(YOUR OBJECTIVE): What is needed is an exact copy of the entries, with the pictures excluded.
*** Opening of SUPPLIED INFORMATION ***
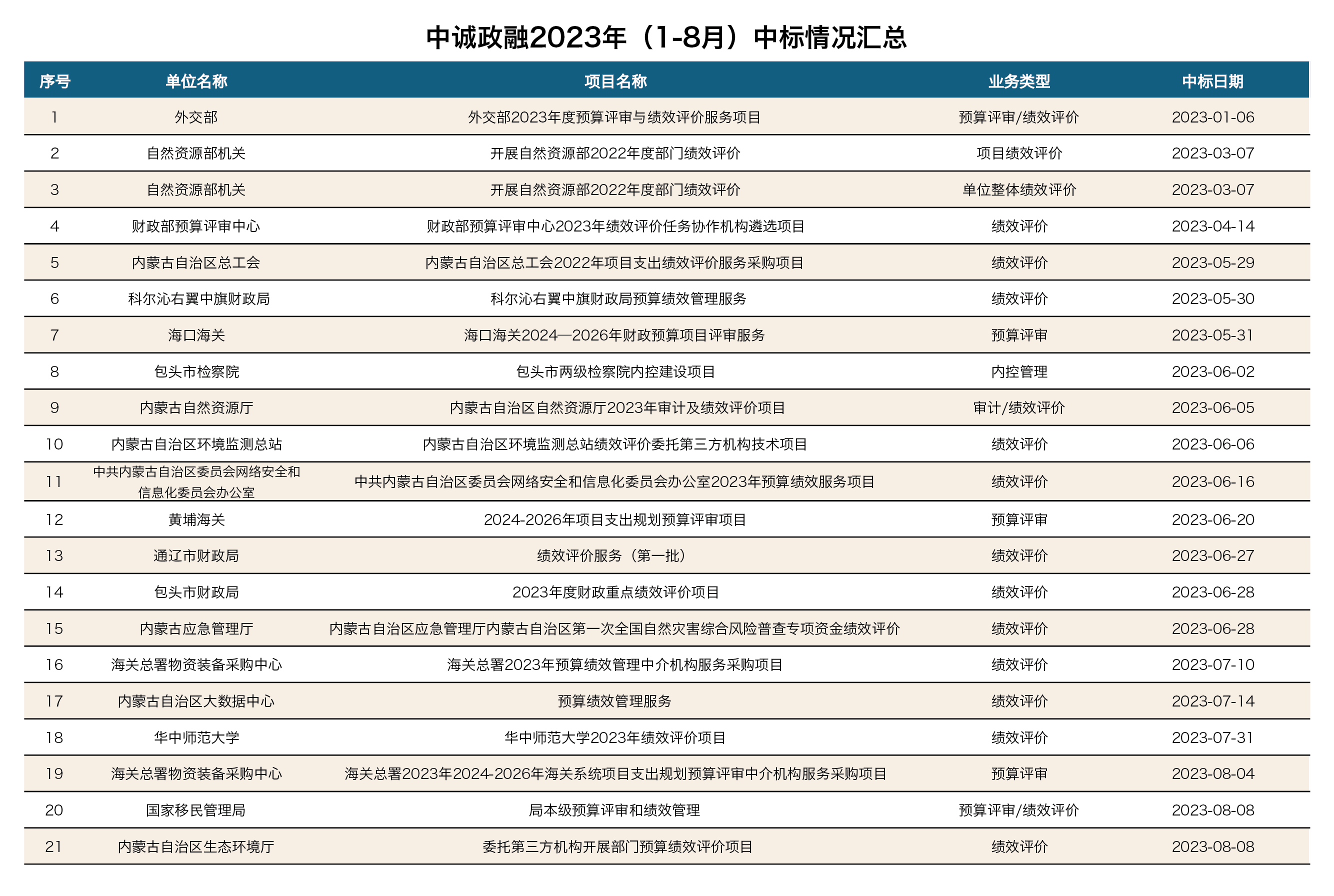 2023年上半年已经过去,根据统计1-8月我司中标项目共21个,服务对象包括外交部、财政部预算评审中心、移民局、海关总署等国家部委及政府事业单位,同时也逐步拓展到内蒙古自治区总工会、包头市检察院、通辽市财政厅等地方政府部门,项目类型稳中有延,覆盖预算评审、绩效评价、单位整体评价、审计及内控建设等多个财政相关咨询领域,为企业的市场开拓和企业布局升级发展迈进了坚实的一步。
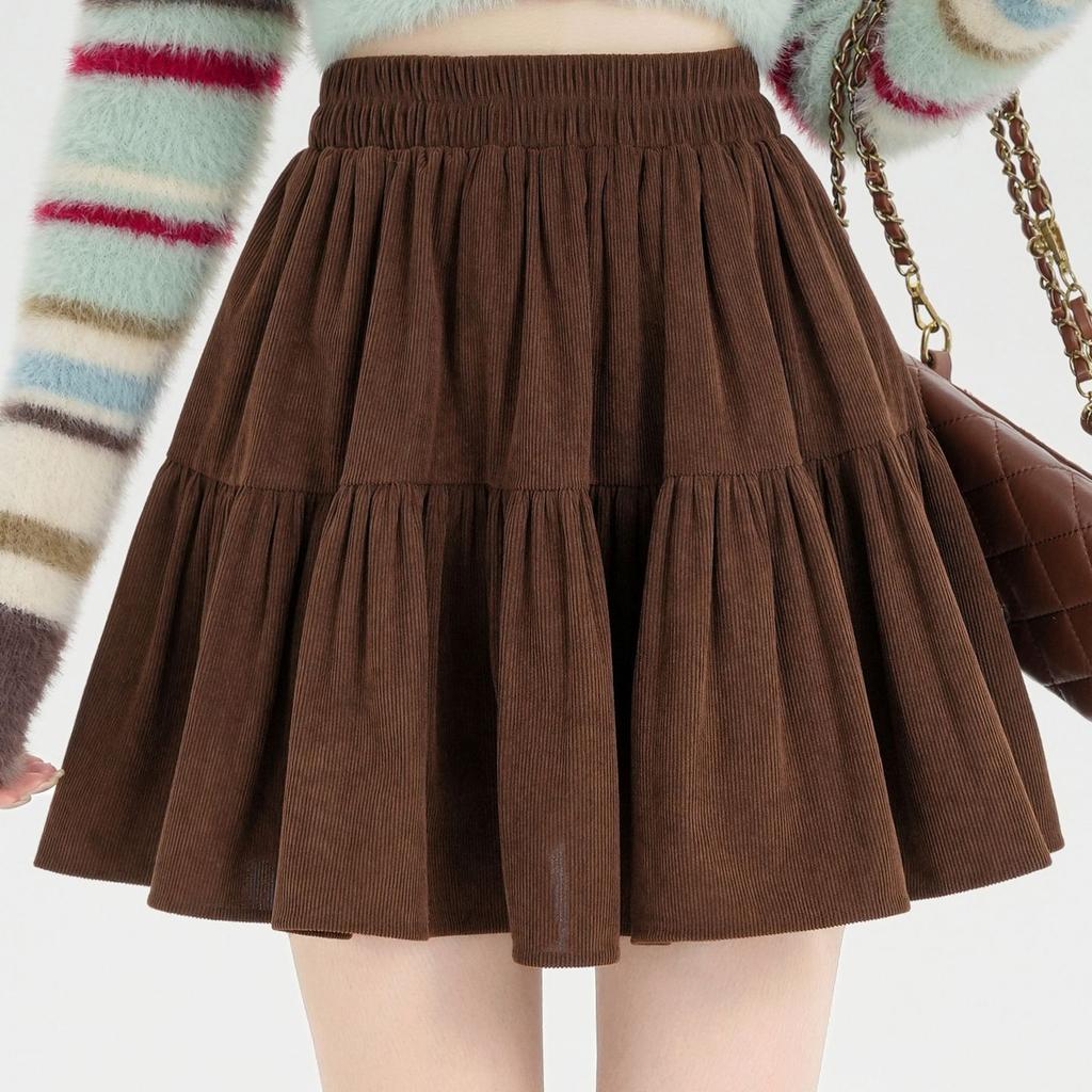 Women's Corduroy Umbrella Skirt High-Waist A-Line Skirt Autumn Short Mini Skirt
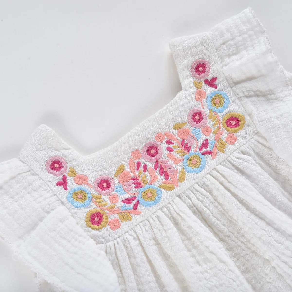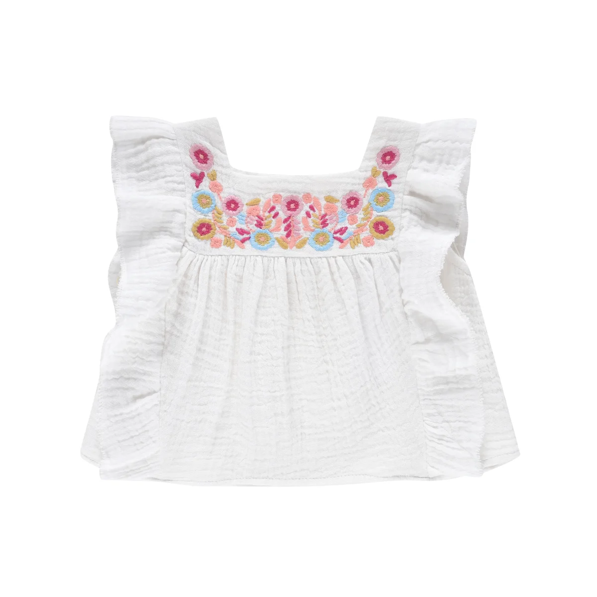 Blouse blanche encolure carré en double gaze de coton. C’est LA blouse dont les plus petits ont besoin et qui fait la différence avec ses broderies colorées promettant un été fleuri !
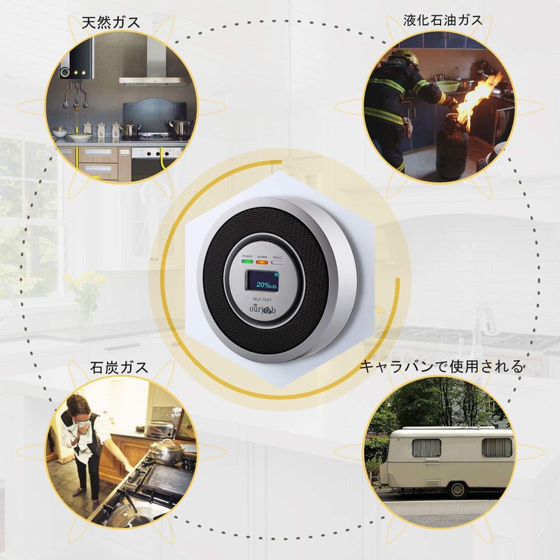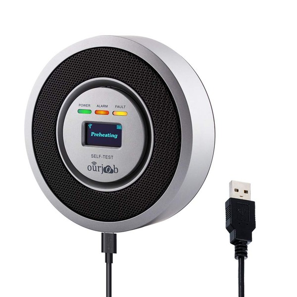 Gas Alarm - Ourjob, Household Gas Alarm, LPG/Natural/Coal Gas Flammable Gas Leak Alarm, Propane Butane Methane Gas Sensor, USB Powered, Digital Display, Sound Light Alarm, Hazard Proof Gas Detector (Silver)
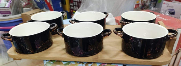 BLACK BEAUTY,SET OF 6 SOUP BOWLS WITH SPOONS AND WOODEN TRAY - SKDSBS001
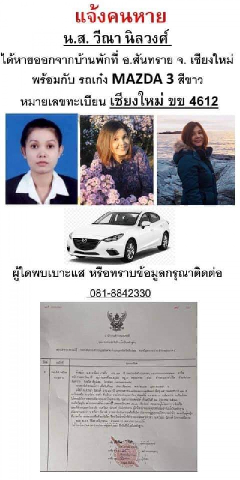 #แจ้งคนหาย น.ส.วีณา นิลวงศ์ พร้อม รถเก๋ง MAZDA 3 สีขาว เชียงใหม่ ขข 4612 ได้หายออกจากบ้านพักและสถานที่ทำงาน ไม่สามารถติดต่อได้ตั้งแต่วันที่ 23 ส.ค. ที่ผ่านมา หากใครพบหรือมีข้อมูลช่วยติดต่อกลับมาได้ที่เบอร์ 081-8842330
*** Close of SUPPLIED INFORMATION ***
(WORKED SOLUTION):
 2023年上半年已经过去,根据统计1-8月我司中标项目共21个,服务对象包括外交部、财政部预算评审中心、移民局、海关总署等国家部委及政府事业单位,同时也逐步拓展到内蒙古自治区总工会、包头市检察院、通辽市财政厅等地方政府部门,项目类型稳中有延,覆盖预算评审、绩效评价、单位整体评价、审计及内控建设等多个财政相关咨询领域,为企业的市场开拓和企业布局升级发展迈进了坚实的一步。
 Women's Corduroy Umbrella Skirt High-Waist A-Line Skirt Autumn Short Mini Skirt
 Blouse blanche encolure carré en double gaze de coton. C’est LA blouse dont les plus petits ont besoin et qui fait la différence avec ses broderies colorées promettant un été fleuri !
 Gas Alarm - Ourjob, Household Gas Alarm, LPG/Natural/Coal Gas Flammable Gas Leak Alarm, Propane Butane Methane Gas Sensor, USB Powered, Digital Display, Sound Light Alarm, Hazard Proof Gas Detector (Silver)
 BLACK BEAUTY,SET OF 6 SOUP BOWLS WITH SPOONS AND WOODEN TRAY - SKDSBS001
 #แจ้งคนหาย น.ส.วีณา นิลวงศ์ พร้อม รถเก๋ง MAZDA 3 สีขาว เชียงใหม่ ขข 4612 ได้หายออกจากบ้านพักและสถานที่ทำงาน ไม่สามารถติดต่อได้ตั้งแต่วันที่ 23 ส.ค. ที่ผ่านมา หากใครพบหรือมีข้อมูลช่วยติดต่อกลับมาได้ที่เบอร์ 081-8842330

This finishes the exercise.